■ Your assignment
Print, exactly as they appear in the listing below, the lines from the line with "Large shiny stainless" to the line with "Yüzlerce kibritin üzerinde", with both end lines kept.
===== Excerpted records
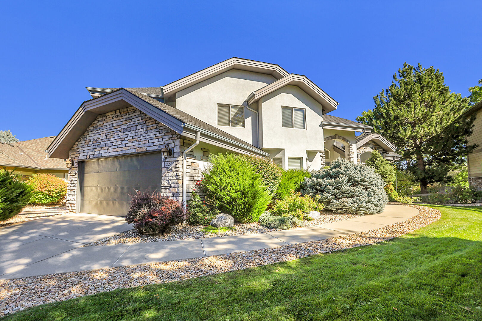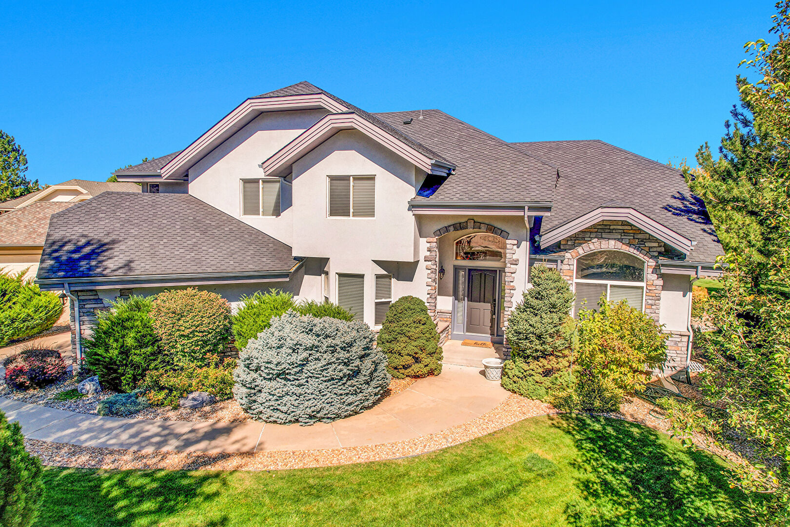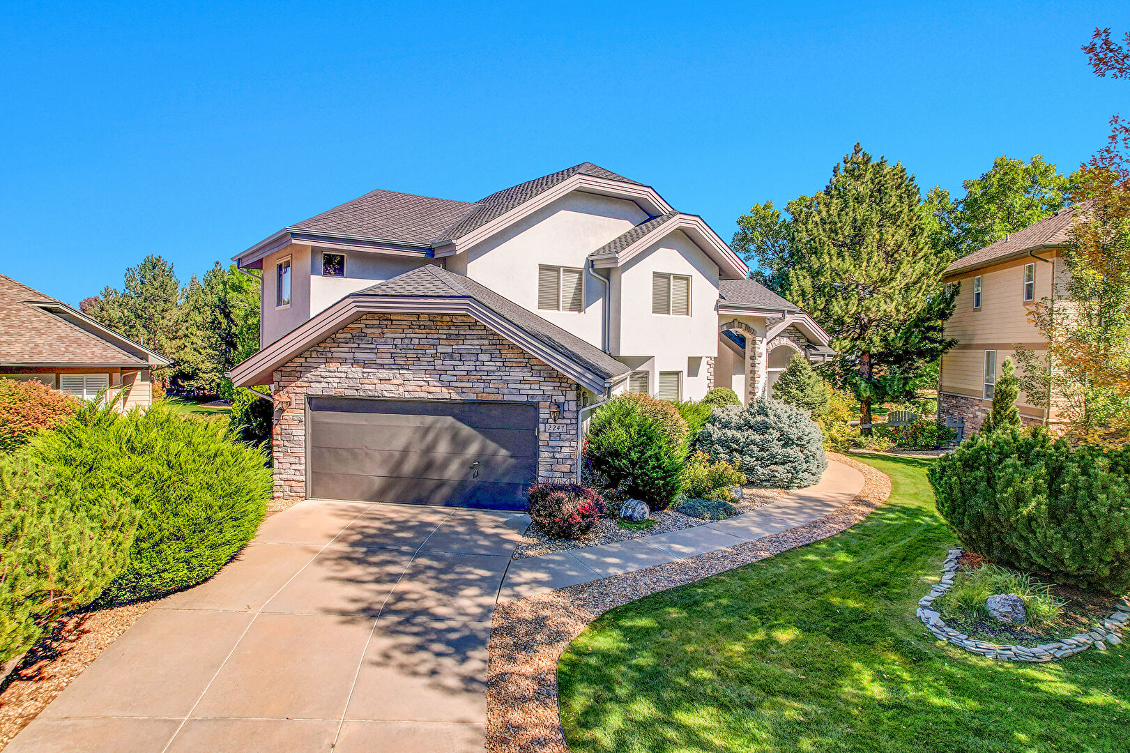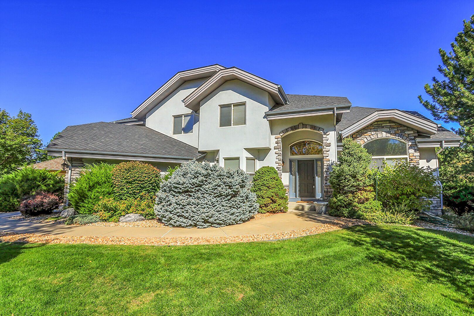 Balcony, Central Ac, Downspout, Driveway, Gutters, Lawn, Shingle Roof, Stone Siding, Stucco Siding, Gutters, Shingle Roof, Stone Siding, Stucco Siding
==========
===== Excerpted records
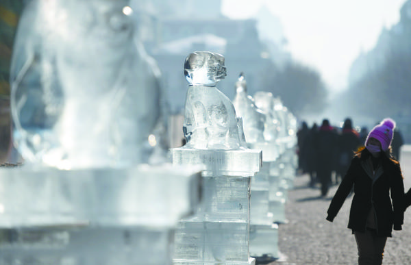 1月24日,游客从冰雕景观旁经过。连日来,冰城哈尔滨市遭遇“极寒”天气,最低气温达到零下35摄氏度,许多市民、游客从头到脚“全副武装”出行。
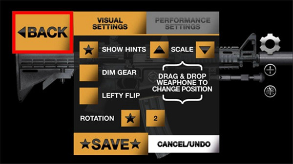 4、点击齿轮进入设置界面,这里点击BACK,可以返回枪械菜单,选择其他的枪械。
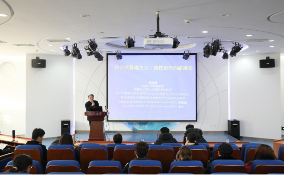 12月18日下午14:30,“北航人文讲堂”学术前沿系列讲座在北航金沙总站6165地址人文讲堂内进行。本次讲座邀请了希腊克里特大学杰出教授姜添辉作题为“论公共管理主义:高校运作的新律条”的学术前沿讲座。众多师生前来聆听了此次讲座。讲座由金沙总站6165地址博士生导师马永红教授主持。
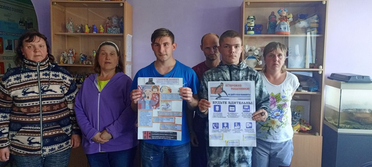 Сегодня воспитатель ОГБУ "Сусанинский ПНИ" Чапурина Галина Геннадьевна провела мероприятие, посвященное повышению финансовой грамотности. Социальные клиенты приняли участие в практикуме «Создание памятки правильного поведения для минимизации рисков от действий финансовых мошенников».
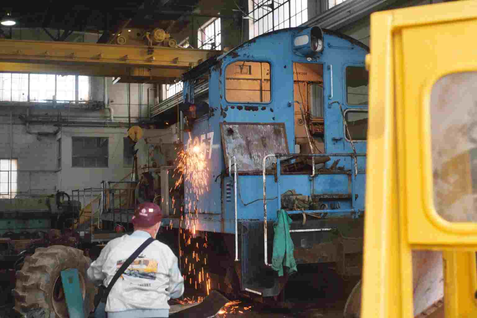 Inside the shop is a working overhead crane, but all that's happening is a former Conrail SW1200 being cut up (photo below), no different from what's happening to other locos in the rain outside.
==========
===== Excerpted records
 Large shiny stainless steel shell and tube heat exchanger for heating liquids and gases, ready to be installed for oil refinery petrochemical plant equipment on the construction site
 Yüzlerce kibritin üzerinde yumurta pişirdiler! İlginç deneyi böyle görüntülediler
==========
■ Exercise output
 Large shiny stainless steel shell and tube heat exchanger for heating liquids and gases, ready to be installed for oil refinery petrochemical plant equipment on the construction site
 Yüzlerce kibritin üzerinde yumurta pişirdiler! İlginç deneyi böyle görüntülediler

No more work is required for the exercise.